O orgulho leva muitas vezes o criminoso a recusar defender-se nos tribunais humanos; nem o desprezo geral, nem as severidades da lei são bastantes para o obrigarem a vergar a cabeça; tem coragem para adoptar o crime, deixando-lhe o nome de crime; mas esse mesmo, a sós, no tribunal da consciência, procurará com ardor pleitear a causa que abandonou perante juízes, de cujas mãos pode sair a sentença de morte.
Longe de nós querer estabelecer analogias, muito íntimas, entre estes perpetradores de grandes maldades e Carlos, que, para com a consciência, só tinha a justificar-se de um desses pecaditos que, mais ou menos, há-de forçosamente cometer quem não tenha nas veias um sangue de vinte anos.
Mas é um tal júri o da consciência, que, sempre que tais pleitos são necessários no seu tribunal, a causa é já por isso má. Para as justas dispensa advogados.

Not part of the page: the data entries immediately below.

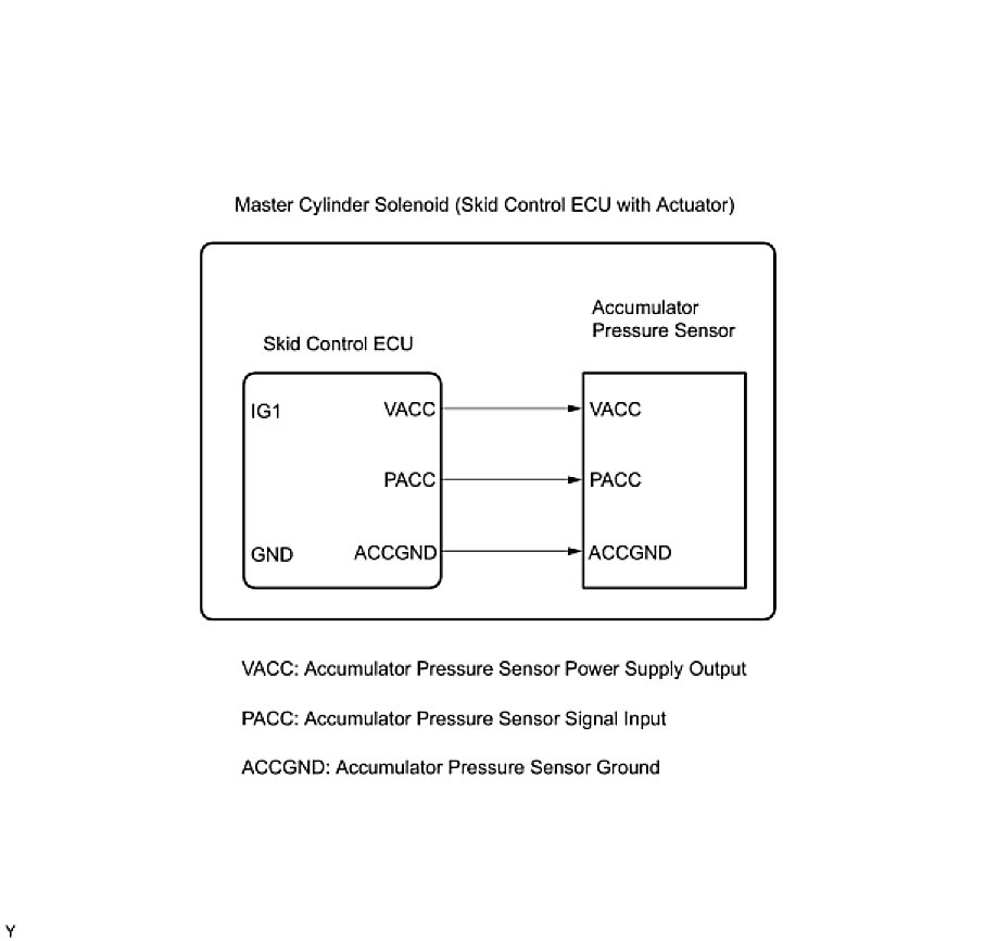 The accumulator pressure sensor is connected to the skid control ECU in the master cylinder solenoid.
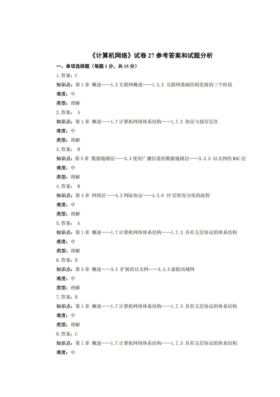 广西师范大学806计算机专业综合(含数据结构和计算机网络)试卷27答案
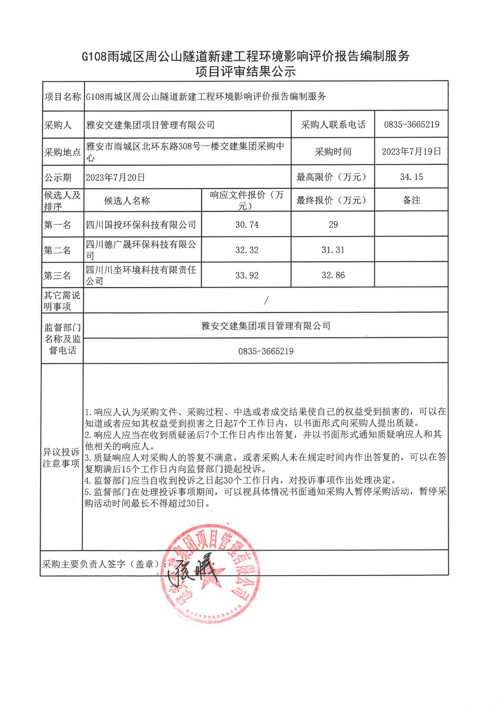 雅安交建集團(tuán)項(xiàng)目管理有限公司G108雨城區(qū)周公山隧道新建工程環(huán)境影響評(píng)價(jià)報(bào)告編制服務(wù)項(xiàng)目評(píng)審結(jié)果公示
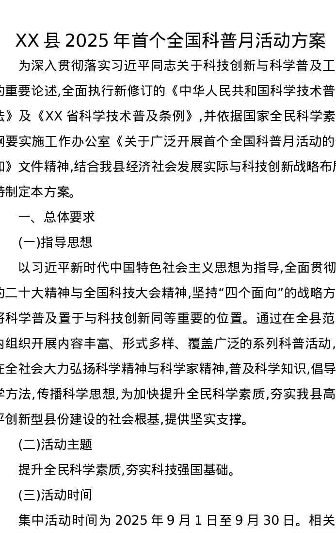 XX县2025年首个全国科普月活动方案
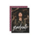 Anúncio de graduação simples que apresenta a foto do formando com "formando" em uma fonte de script tradicional branco. Personalize a frente do anúncio de graduação de fotos adicionando o nome do formando, o nome da escola e o ano de graduação. O anúncio é revertido para exibir um padrão de aspersão branca com um fundo de marrom ou cor de sua escolha.
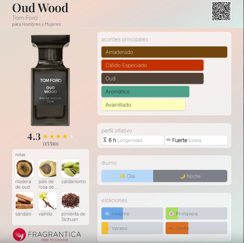 Oud Wood de Tom Ford es una fragancia unisex lanzada en 2007, perteneciente a la familia Oriental Amaderada. Creada por el perfumista Richard Herpin, es una de las propuestas más icónicas y elegantes de la colección Private Blend. Su aroma combina la profundidad del oud con maderas exóticas, especias cálidas y un fondo cremoso y envolvente. Es sofisticada, íntima y adictiva: una fragancia pensada para quienes buscan lujo discreto y una huella inolvidable.
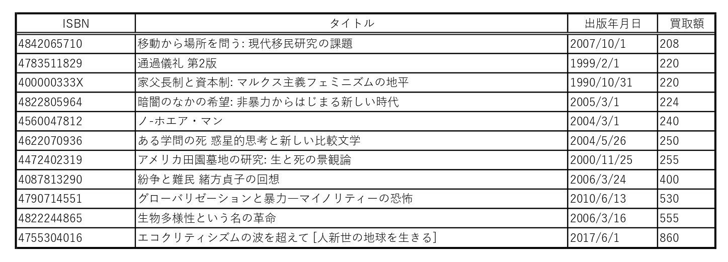 下表は今回の買取で1冊200円以上の買取額をつけさせていただいた本の一覧です。似たジャンルの蔵書のご売却をご検討中の方はご参考まで。ISBNのない本でも買取歓迎ですよ!
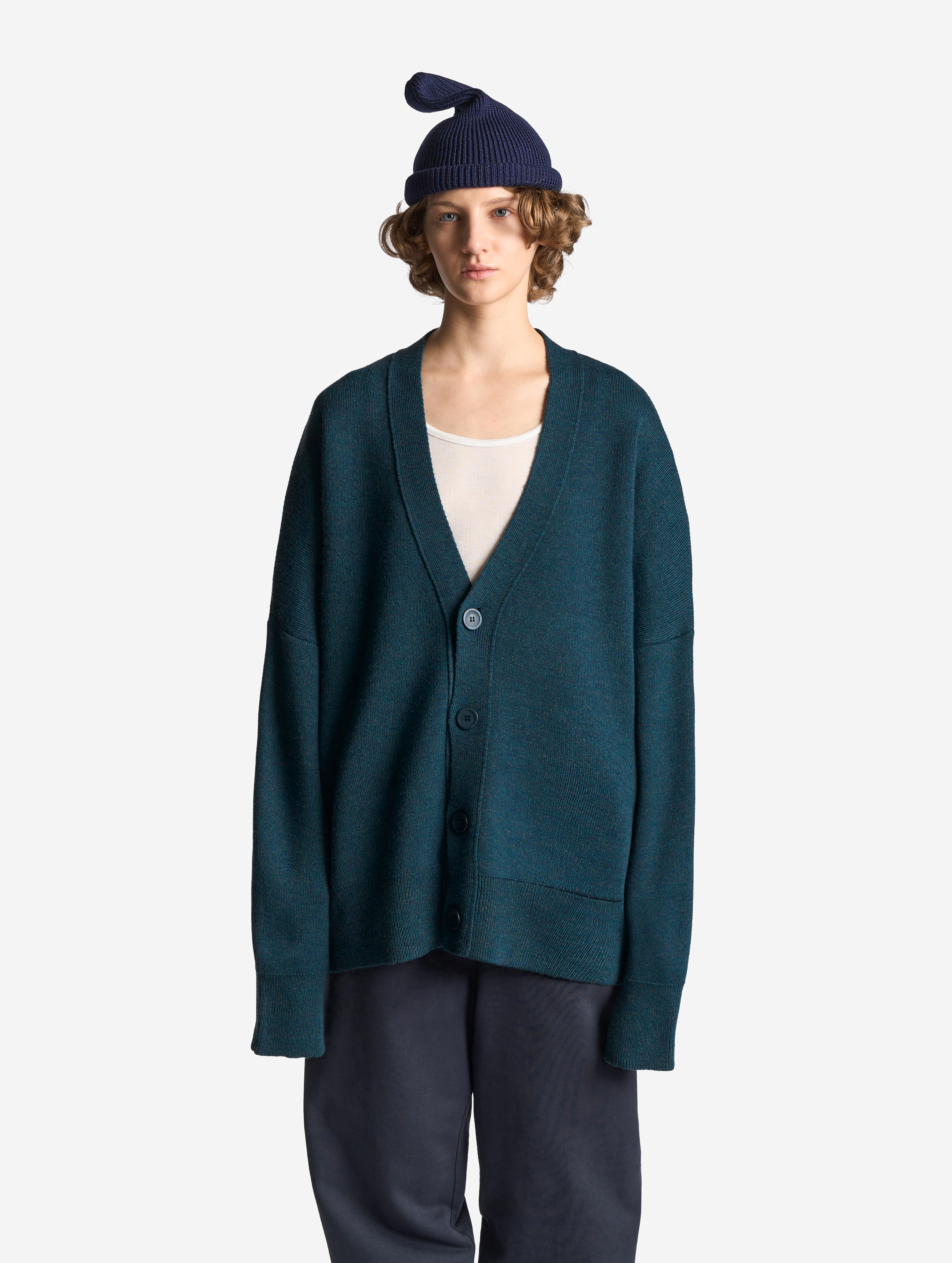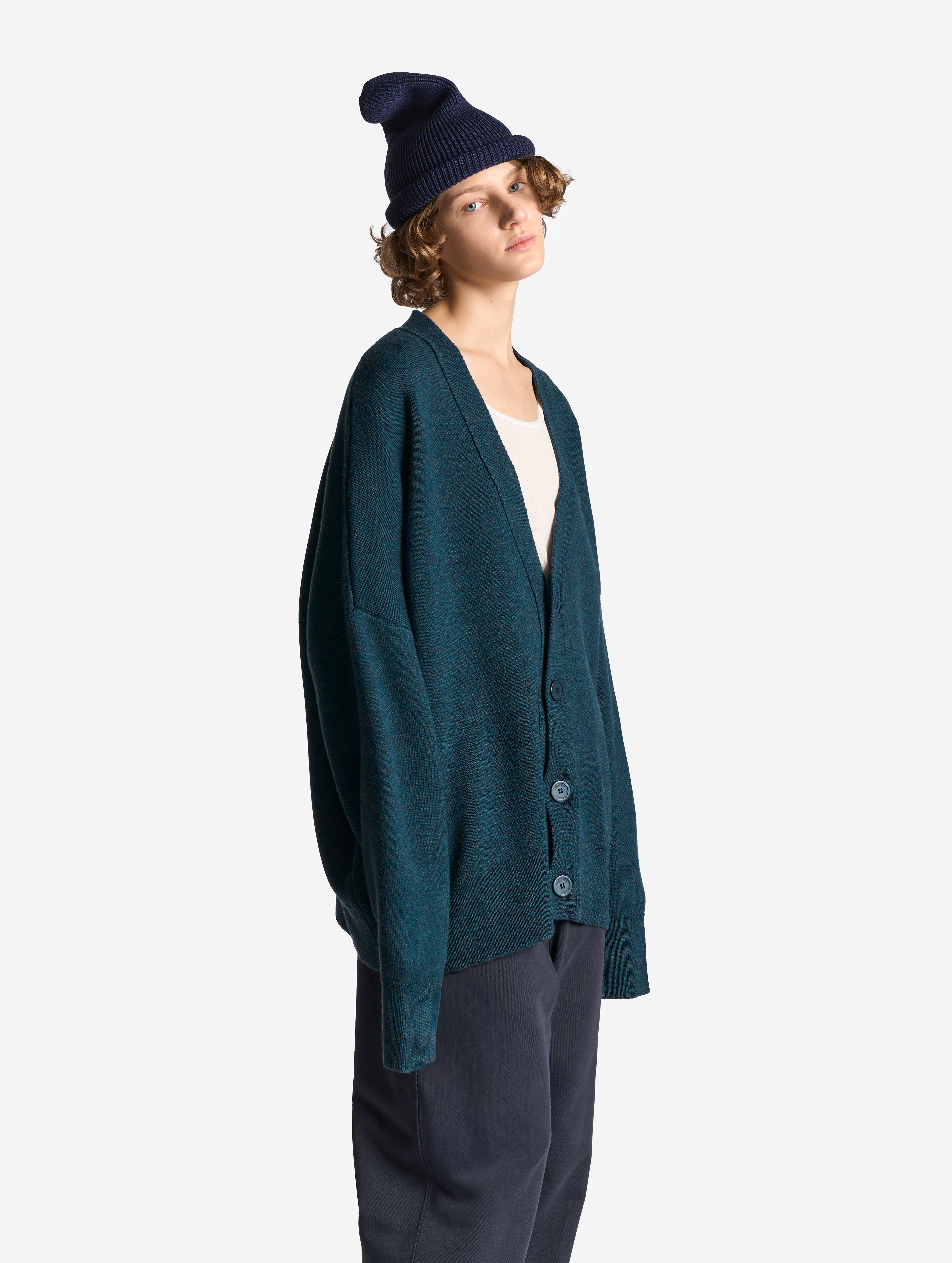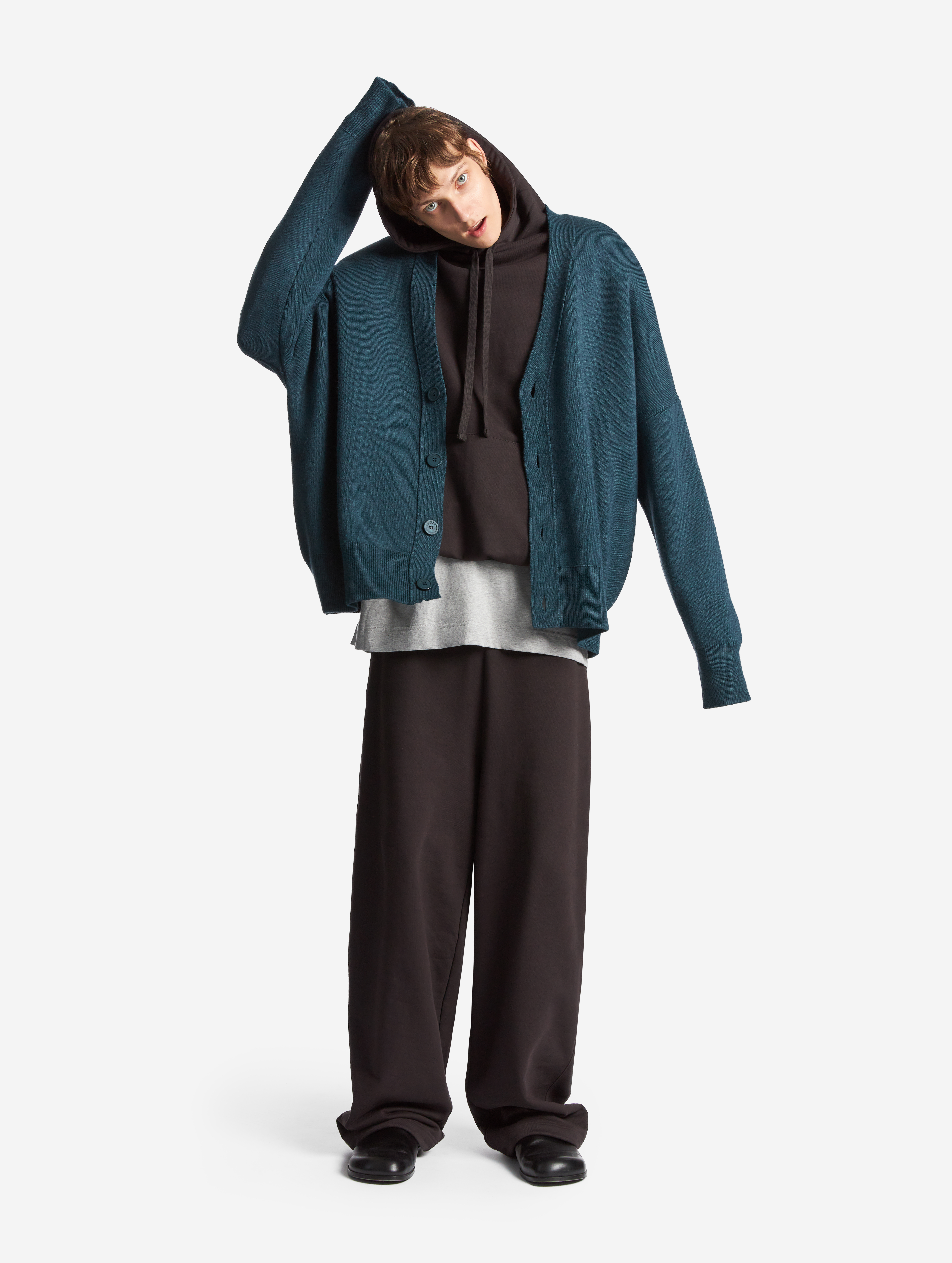 Вязаный кардиган удлиненного оверсайз-силуэта. Одинаково хорошо сидит на мужской и женской фигуре. Застегивается на роговые брендированные пуговицы. Благодаря наличию в составе акрила кардиган не пиллингуется и не деформируется со временем.

Não procuremos iludir-nos nós, como Carlos; sem querer duvidar dos bons sentimentos dele, pode-se ir buscar outras razões para a visita, cujos pormenores no último capítulo relatámos.
O que é fora de dúvida é que, depois daquela vigília em que o leitor o viu, não teve Carlos pensamento e imaginação, senão para descobrir um meio de tornar a encontrar-se com Cecília e de falar-lhe.
O resultado foi o que sabemos.
Se havia sido tão profunda a impressão produzida por a casual revelação do teatro naquele espírito afectado já de vagos prelúdios do mal, mais a fundo se gravou ainda depois da visita feita a Cecília.
Parecia que nas poucas palavras que nessa entrevista Cecília pronunciara, Carlos tinha decifrado sentidos ocultos; pensava nelas!
Depois a consciência de ter sido quase evocado por aquela mal distinta figura de mulher, quando dias antes fitara de longe distraidamente os olhos em uma janela, avultava-lhe agora como uma coisa acima do simples acaso; por pouco estava a acreditar que a secreto influxo lhe haviam nesse dia obedecido os olhos.